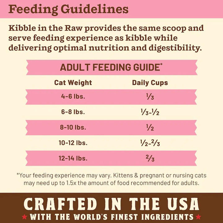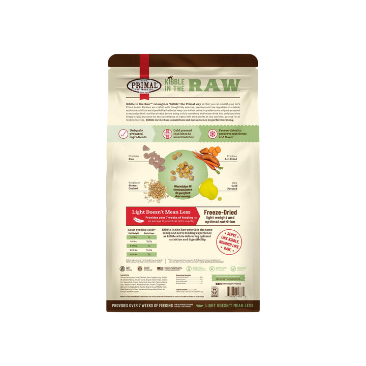 Primal Kibble in the Raw Chicken Recipe is formulated to meet the nutritional levels established by the AAFCO Cat Food Nutrient Profiles for all life stages.
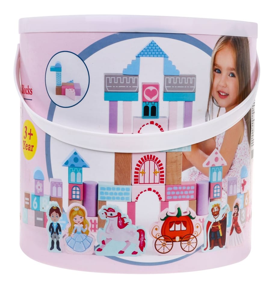 | Zestaw malowanych drewnianych, bezpiecznych klocków z motywem księżniczki i zamku dla dzieci już od 3-go roku życia. Zestaw składa się z 67 elementów- klocków, w zestawie znajdują się też puzzle.Doskonała nauka kształtów, figur geometrycznych, oraz zabawa pobudzająca wyobraźnię i logiczne myślenie.Klocki zapakowane są w wiaderko, sorter na górze którego znajdują się otwory o różnych kształtach, do których należy dopasować odpowiednie klocki. | |
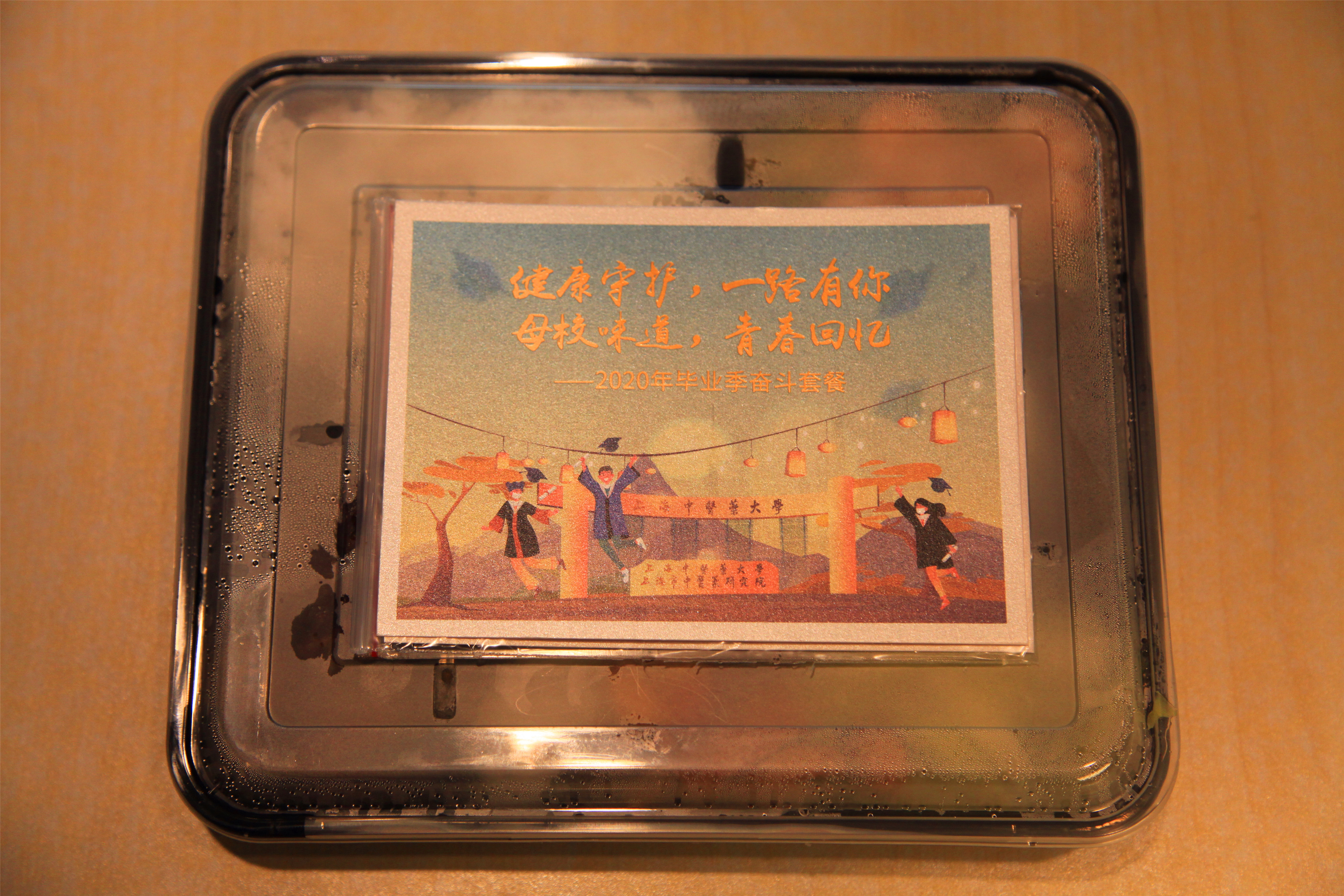 食堂大厨精心烹制毕业季奋斗套餐,餐盒贴上印着欢快的毕业场景和“健康守护,一路有你;母校味道,青春回忆”。这不仅是一张餐盒贴,更是一张明信片,可以用来私人珍藏,可以寄给远方亲友,也可以寄给未来的自己,希望这份特别的毕业纪念礼能带给你难忘的“青春回忆”。
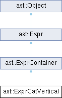 类 ast::ExprCatVertical 继承关系图:Public 成员函数 | |
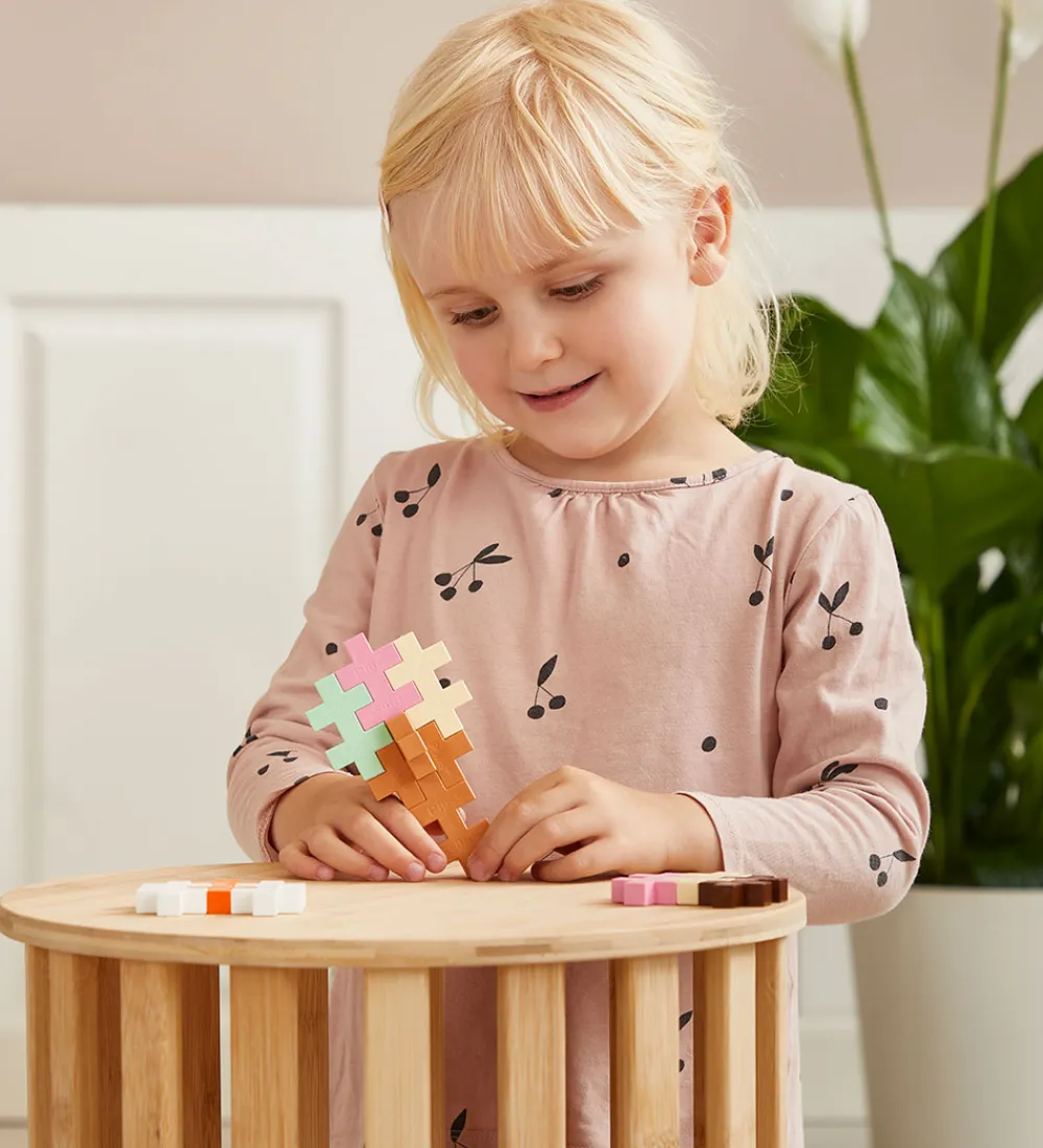 Plus-Plus BIG klodserne har form som plus-tegn, hvilket gør, at de kan sættes sammen på alle leder og kanter. BIG klodserne er i den store størrelse, som er god til de helt små.
++++++++++
**PROBLEM STATEMENT**
Retype the data word for word and keep the pictures out of it.

**SOLUTION TO THE EXERCISE**
 Primal Kibble in the Raw Chicken Recipe is formulated to meet the nutritional levels established by the AAFCO Cat Food Nutrient Profiles for all life stages.
 | Zestaw malowanych drewnianych, bezpiecznych klocków z motywem księżniczki i zamku dla dzieci już od 3-go roku życia. Zestaw składa się z 67 elementów- klocków, w zestawie znajdują się też puzzle.Doskonała nauka kształtów, figur geometrycznych, oraz zabawa pobudzająca wyobraźnię i logiczne myślenie.Klocki zapakowane są w wiaderko, sorter na górze którego znajdują się otwory o różnych kształtach, do których należy dopasować odpowiednie klocki. | |
 食堂大厨精心烹制毕业季奋斗套餐,餐盒贴上印着欢快的毕业场景和“健康守护,一路有你;母校味道,青春回忆”。这不仅是一张餐盒贴,更是一张明信片,可以用来私人珍藏,可以寄给远方亲友,也可以寄给未来的自己,希望这份特别的毕业纪念礼能带给你难忘的“青春回忆”。
 类 ast::ExprCatVertical 继承关系图:Public 成员函数 | |
 Plus-Plus BIG klodserne har form som plus-tegn, hvilket gør, at de kan sættes sammen på alle leder og kanter. BIG klodserne er i den store størrelse, som er god til de helt små.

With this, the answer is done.